[Instructions to follow]: Of the entries below, repeat exactly only those lines from the one containing "施工人员在大仁支洞工区干线隧洞TBM工区转运混凝土砂浆(8月11日摄)。" through the last line, with pictures omitted.
*** Opening of Dataset ***
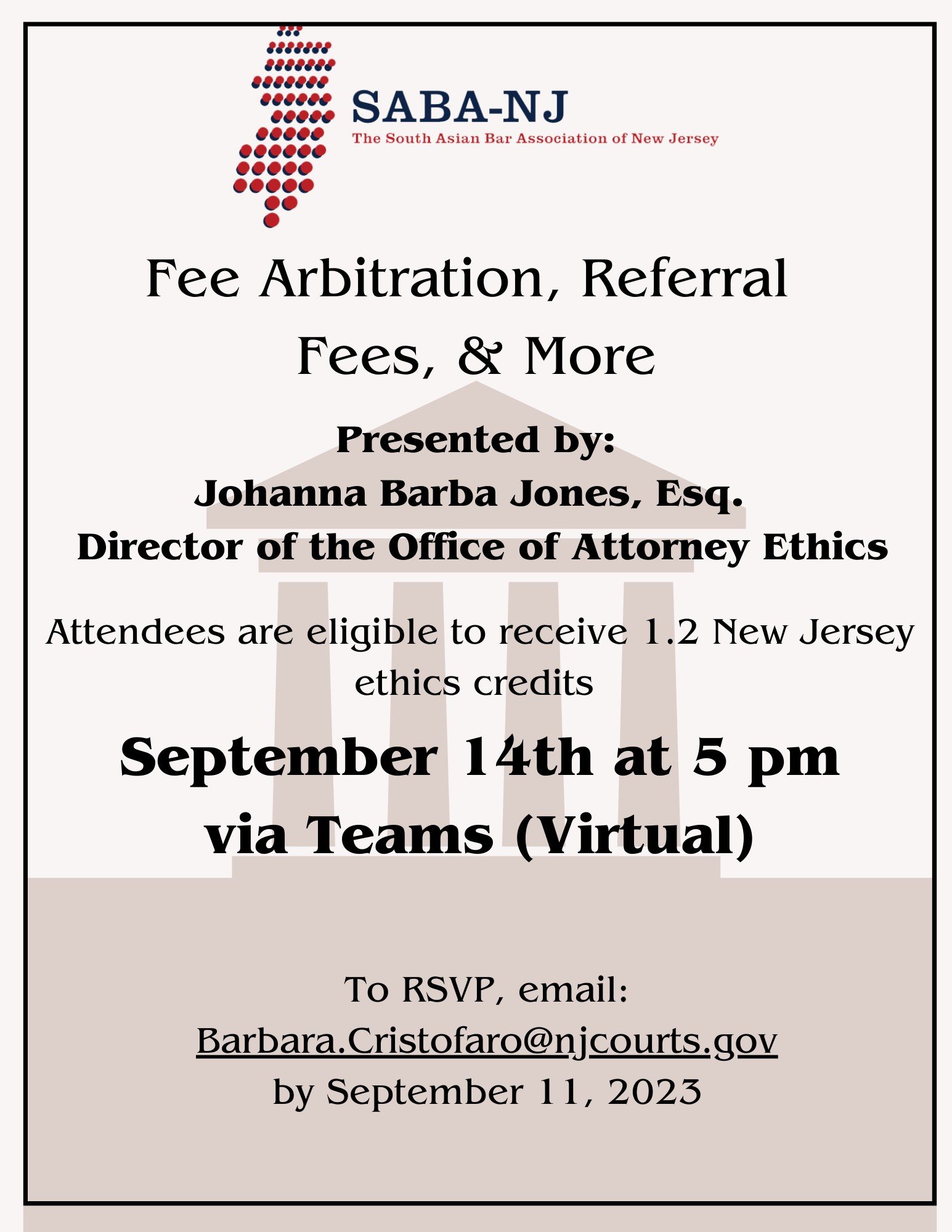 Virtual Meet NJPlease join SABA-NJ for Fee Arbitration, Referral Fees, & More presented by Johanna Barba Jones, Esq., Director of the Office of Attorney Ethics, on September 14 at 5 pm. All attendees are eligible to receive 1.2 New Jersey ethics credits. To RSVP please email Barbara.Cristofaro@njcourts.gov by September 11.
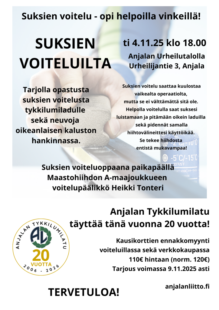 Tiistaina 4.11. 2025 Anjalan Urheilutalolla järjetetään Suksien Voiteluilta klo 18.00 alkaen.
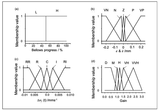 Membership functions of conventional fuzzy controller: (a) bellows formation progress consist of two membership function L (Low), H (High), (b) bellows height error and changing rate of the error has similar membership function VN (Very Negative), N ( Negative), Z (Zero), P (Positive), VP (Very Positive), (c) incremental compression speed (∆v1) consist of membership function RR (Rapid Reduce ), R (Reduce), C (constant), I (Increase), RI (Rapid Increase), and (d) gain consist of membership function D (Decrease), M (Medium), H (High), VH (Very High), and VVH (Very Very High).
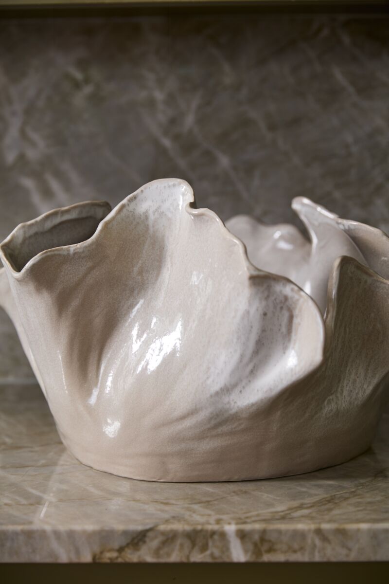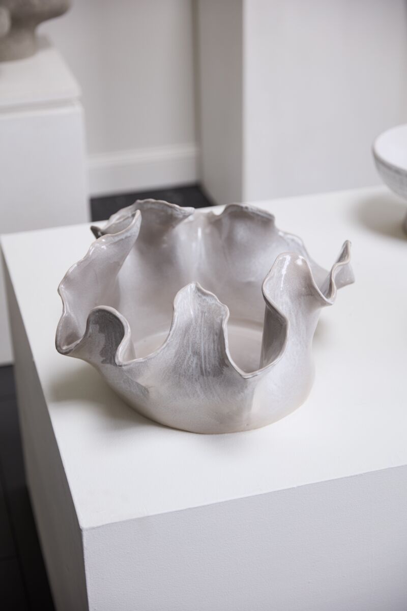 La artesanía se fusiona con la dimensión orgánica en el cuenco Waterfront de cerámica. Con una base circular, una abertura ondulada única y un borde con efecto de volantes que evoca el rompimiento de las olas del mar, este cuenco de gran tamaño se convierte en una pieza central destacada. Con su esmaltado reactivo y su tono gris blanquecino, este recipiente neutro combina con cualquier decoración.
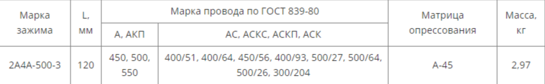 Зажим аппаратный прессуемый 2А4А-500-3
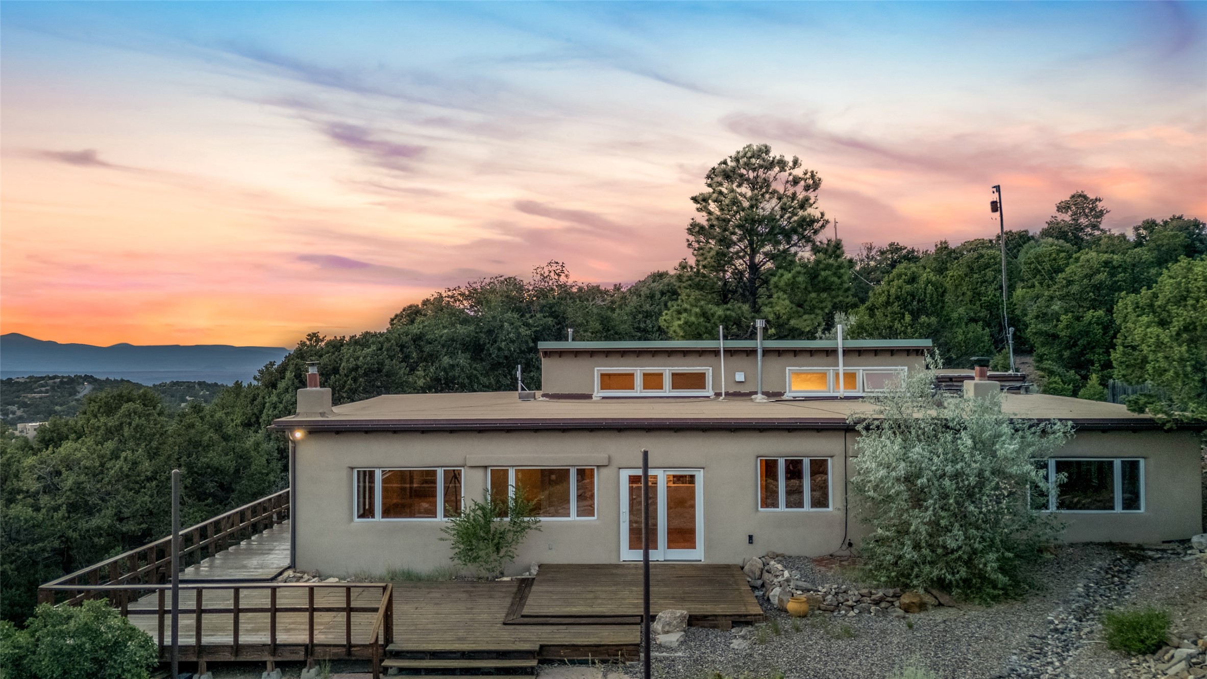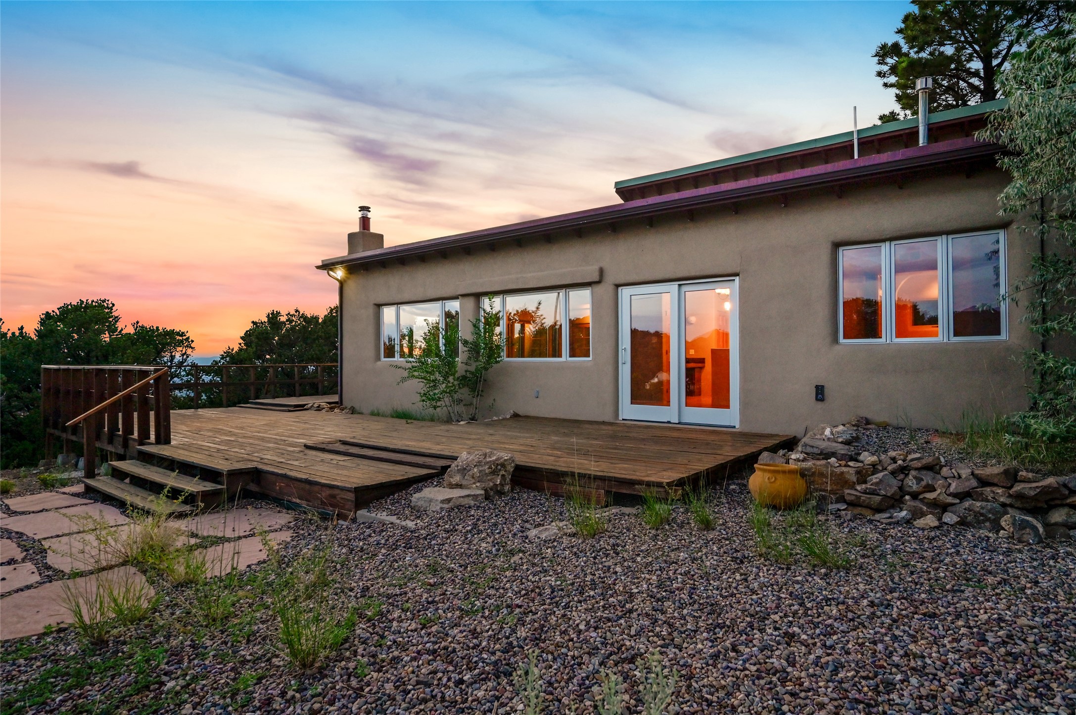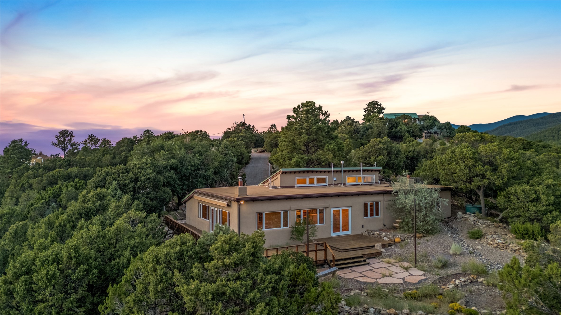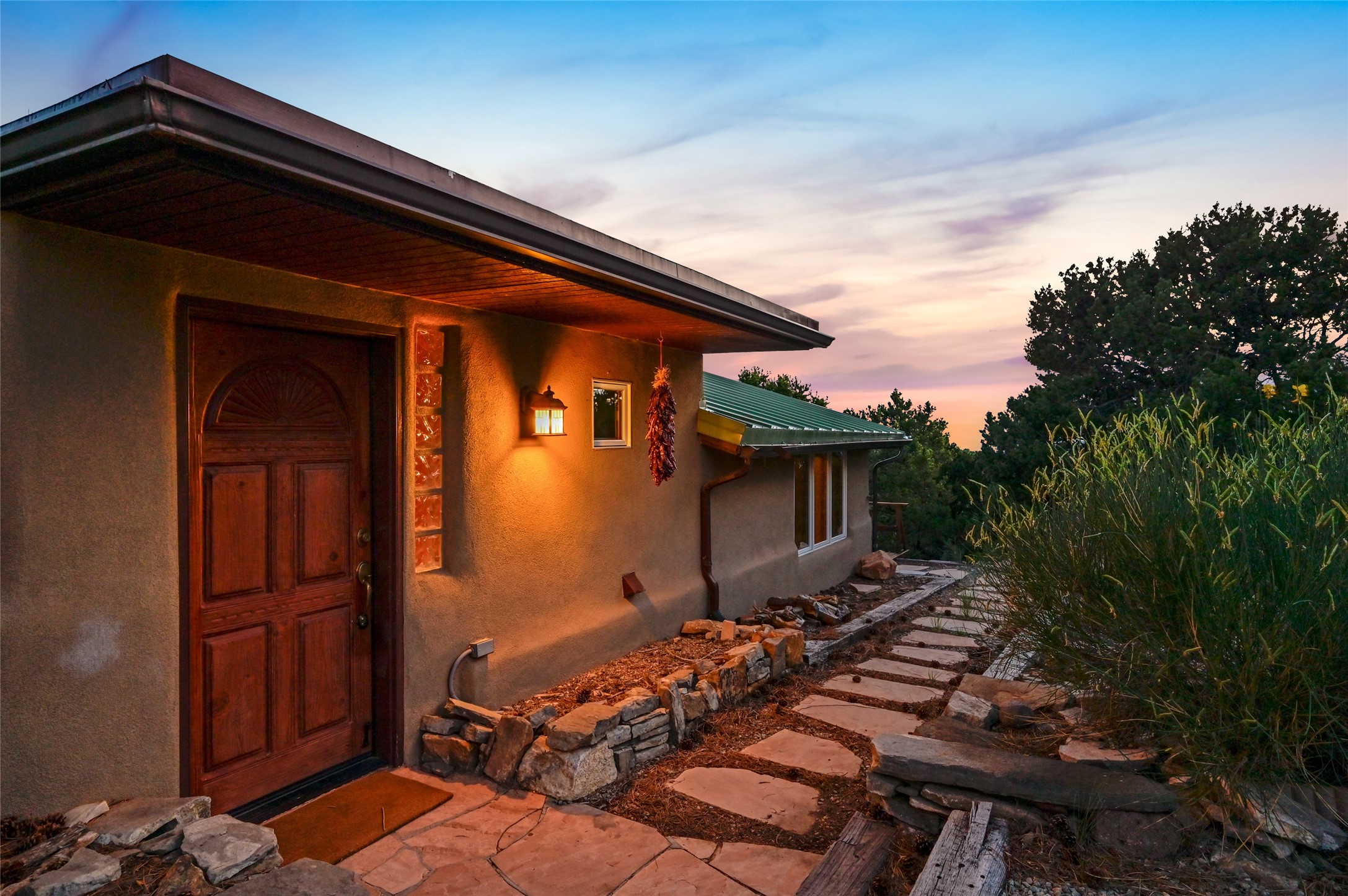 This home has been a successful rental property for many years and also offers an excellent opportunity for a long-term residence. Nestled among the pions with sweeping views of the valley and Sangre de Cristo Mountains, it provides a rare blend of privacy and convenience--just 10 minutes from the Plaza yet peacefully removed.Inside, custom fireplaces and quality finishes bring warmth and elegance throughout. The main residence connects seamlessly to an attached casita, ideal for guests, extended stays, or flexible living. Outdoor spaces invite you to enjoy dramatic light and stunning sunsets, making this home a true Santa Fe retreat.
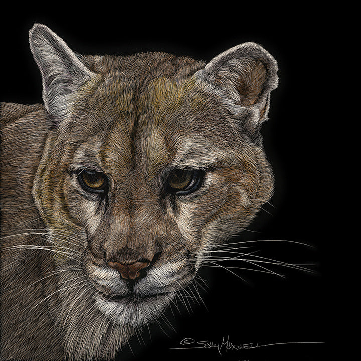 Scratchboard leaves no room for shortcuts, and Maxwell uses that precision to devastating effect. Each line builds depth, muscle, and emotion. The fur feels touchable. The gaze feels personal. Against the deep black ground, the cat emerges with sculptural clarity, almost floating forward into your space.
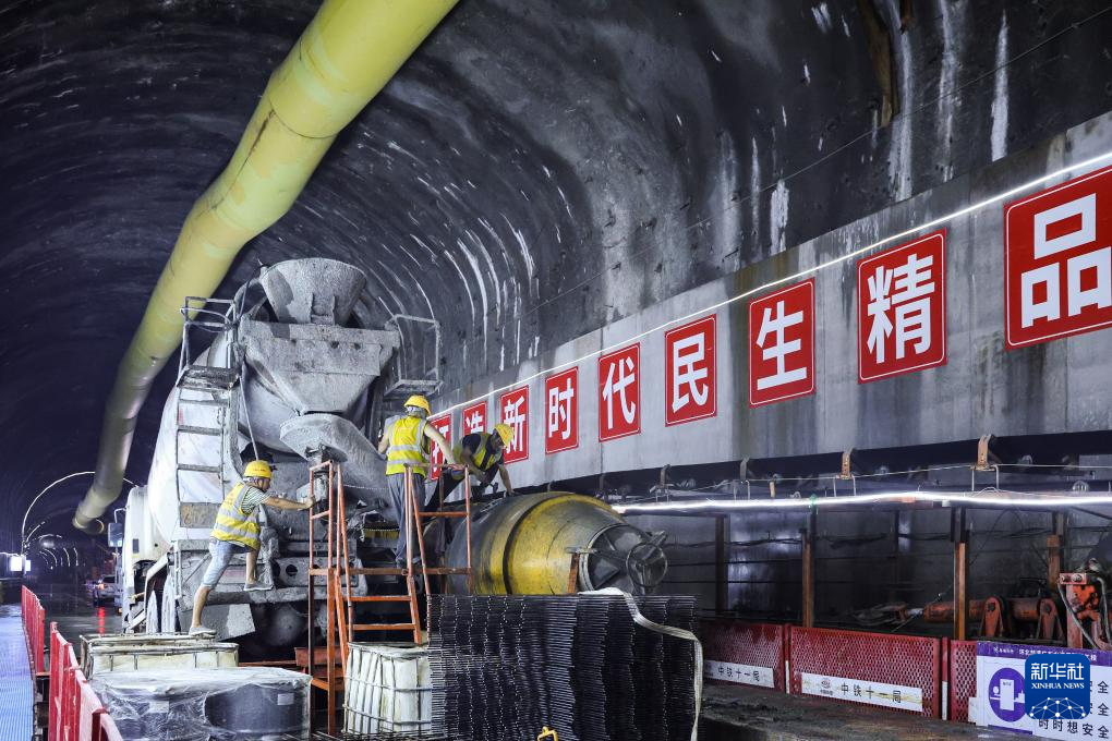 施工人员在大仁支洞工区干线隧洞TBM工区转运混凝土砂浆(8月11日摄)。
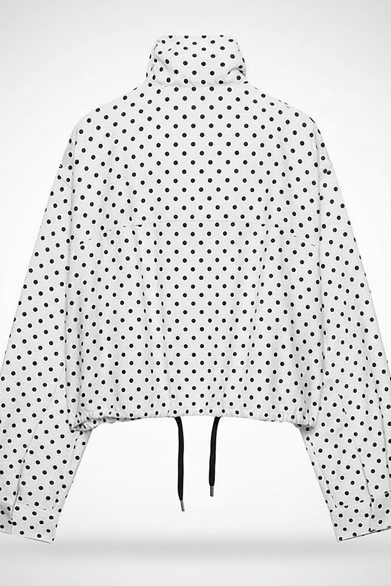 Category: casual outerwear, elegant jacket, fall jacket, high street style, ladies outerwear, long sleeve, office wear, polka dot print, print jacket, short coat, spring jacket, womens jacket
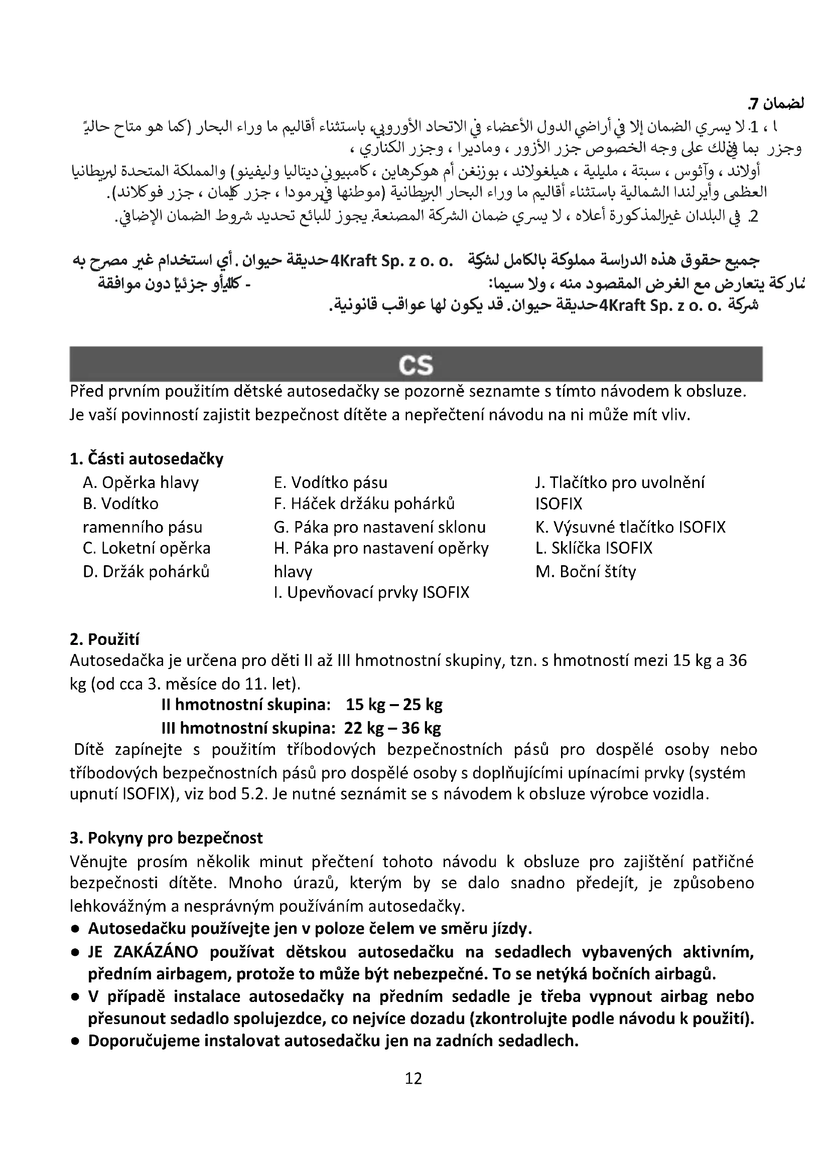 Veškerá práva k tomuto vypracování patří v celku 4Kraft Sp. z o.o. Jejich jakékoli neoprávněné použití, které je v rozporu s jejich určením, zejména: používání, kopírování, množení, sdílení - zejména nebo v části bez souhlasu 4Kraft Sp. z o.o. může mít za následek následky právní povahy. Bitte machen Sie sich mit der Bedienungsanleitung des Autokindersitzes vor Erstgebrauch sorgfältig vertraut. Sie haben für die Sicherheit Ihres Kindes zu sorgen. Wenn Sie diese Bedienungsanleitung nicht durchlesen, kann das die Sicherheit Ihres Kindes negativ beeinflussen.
*** Close of Dataset ***
[Answer box]:
 施工人员在大仁支洞工区干线隧洞TBM工区转运混凝土砂浆(8月11日摄)。
 Category: casual outerwear, elegant jacket, fall jacket, high street style, ladies outerwear, long sleeve, office wear, polka dot print, print jacket, short coat, spring jacket, womens jacket
 Veškerá práva k tomuto vypracování patří v celku 4Kraft Sp. z o.o. Jejich jakékoli neoprávněné použití, které je v rozporu s jejich určením, zejména: používání, kopírování, množení, sdílení - zejména nebo v části bez souhlasu 4Kraft Sp. z o.o. může mít za následek následky právní povahy. Bitte machen Sie sich mit der Bedienungsanleitung des Autokindersitzes vor Erstgebrauch sorgfältig vertraut. Sie haben für die Sicherheit Ihres Kindes zu sorgen. Wenn Sie diese Bedienungsanleitung nicht durchlesen, kann das die Sicherheit Ihres Kindes negativ beeinflussen.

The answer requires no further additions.